## Task item
The result should be the listing below, restated exactly, with its pictures left out.

## Data segment
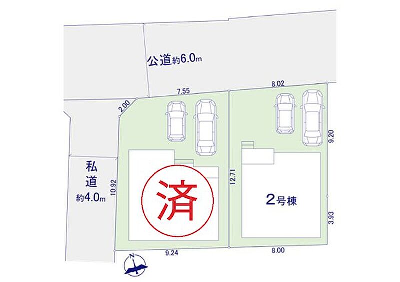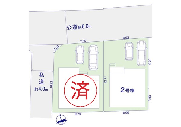 | 駐車場 | 2台 | 道路の幅員 | 2号棟:北東6m |
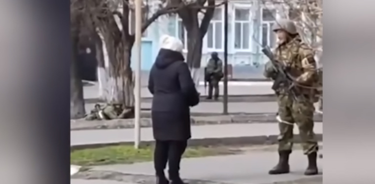 یوٹیوب پر اپلوڈ کی گئی ویڈیو میں دیکھا جا سکتا ہے کہ یوکرینی خاتون روسی فوجی سے سخت لہجے میں بات کر رہی ہیں۔ وہ فوجی سے کہا رہی ہیں کہ ”تم کون ہو اور ہماری سرزمین پر کیا رہے ہو“۔
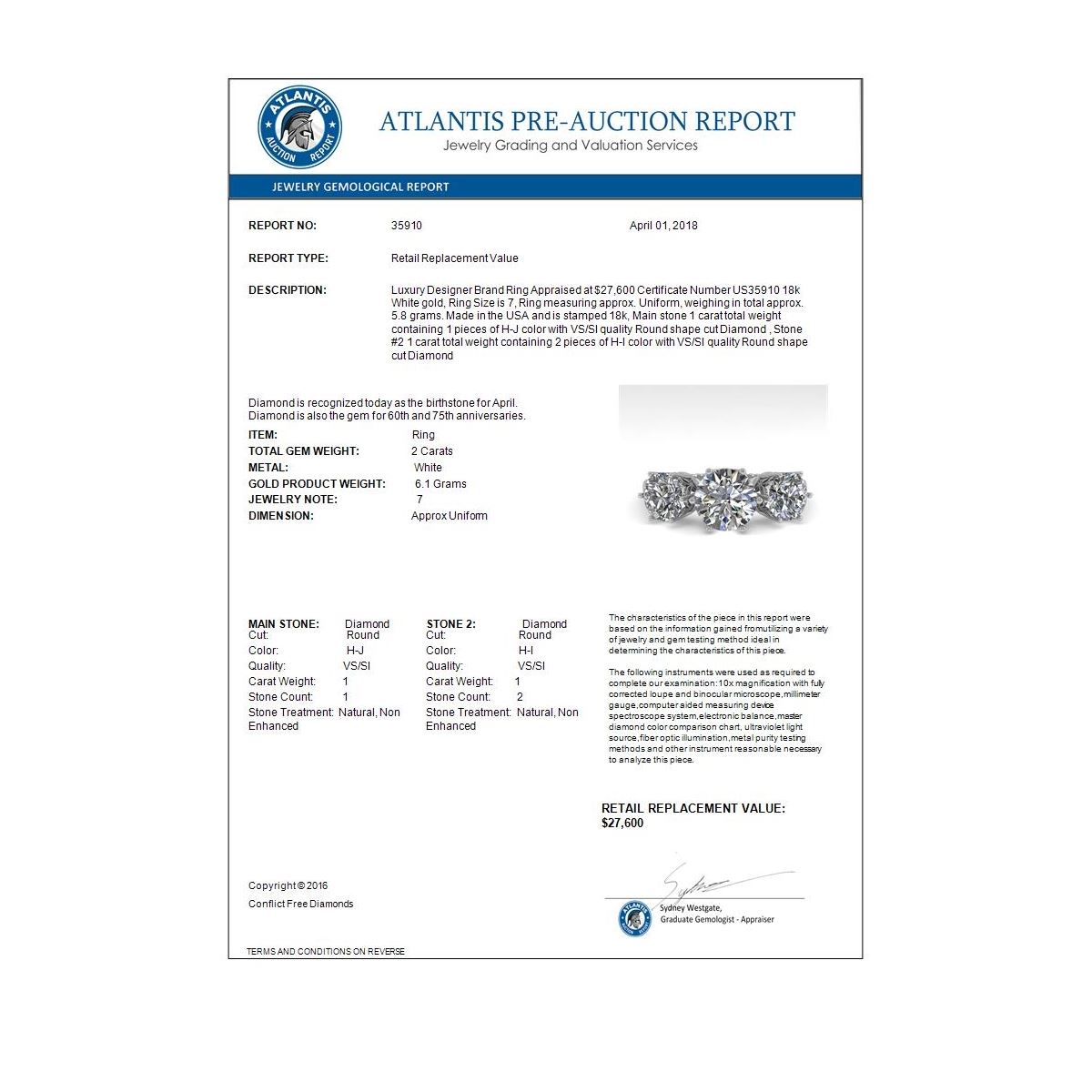 REF-414A2X -35910 ---- 2 CTW Past Present Future Certified VS/SI Diamond Ring 18K White Gold ---- Luxury Designer Brand Ring Appraised at $27,600 Certificate Number US35910 18k White gold, Ring Size is 7, Ring measuring approx. Uniform, weighing in total approx. 5.8 grams. Made in the USA and is stamped 18k, Main stone 1 carat total weight containing 1 pieces of H-J color with VS/SI quality Round shape cut Diamond , Stone #2 1 carat total weight containing 2 pieces of H-I color with VS/SI quality Round shape cut Diamond
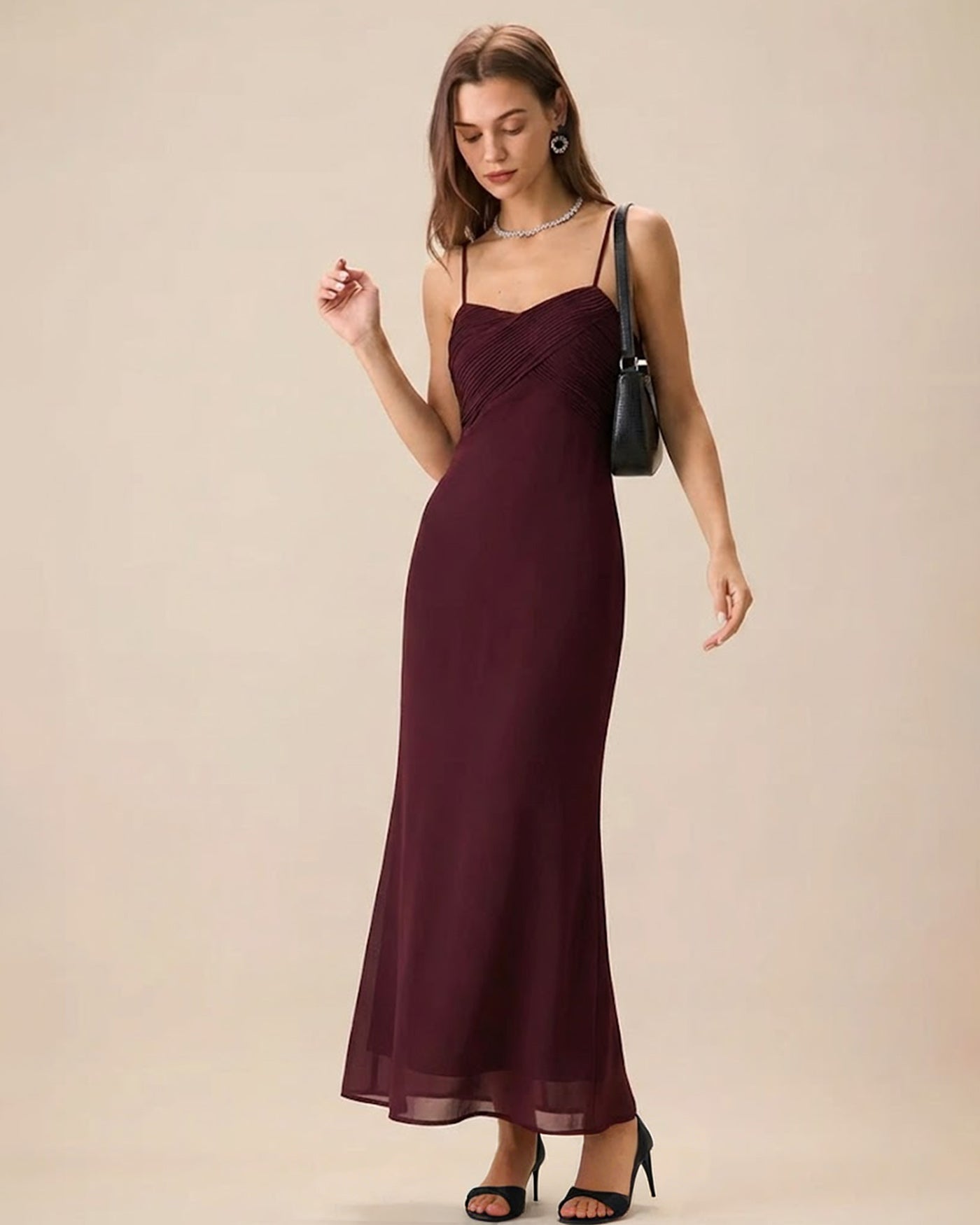 Wine Red Ruched Slip Maxi Dress

## Written answer
 | 駐車場 | 2台 | 道路の幅員 | 2号棟:北東6m |
 یوٹیوب پر اپلوڈ کی گئی ویڈیو میں دیکھا جا سکتا ہے کہ یوکرینی خاتون روسی فوجی سے سخت لہجے میں بات کر رہی ہیں۔ وہ فوجی سے کہا رہی ہیں کہ ”تم کون ہو اور ہماری سرزمین پر کیا رہے ہو“۔
 REF-414A2X -35910 ---- 2 CTW Past Present Future Certified VS/SI Diamond Ring 18K White Gold ---- Luxury Designer Brand Ring Appraised at $27,600 Certificate Number US35910 18k White gold, Ring Size is 7, Ring measuring approx. Uniform, weighing in total approx. 5.8 grams. Made in the USA and is stamped 18k, Main stone 1 carat total weight containing 1 pieces of H-J color with VS/SI quality Round shape cut Diamond , Stone #2 1 carat total weight containing 2 pieces of H-I color with VS/SI quality Round shape cut Diamond
 Wine Red Ruched Slip Maxi Dress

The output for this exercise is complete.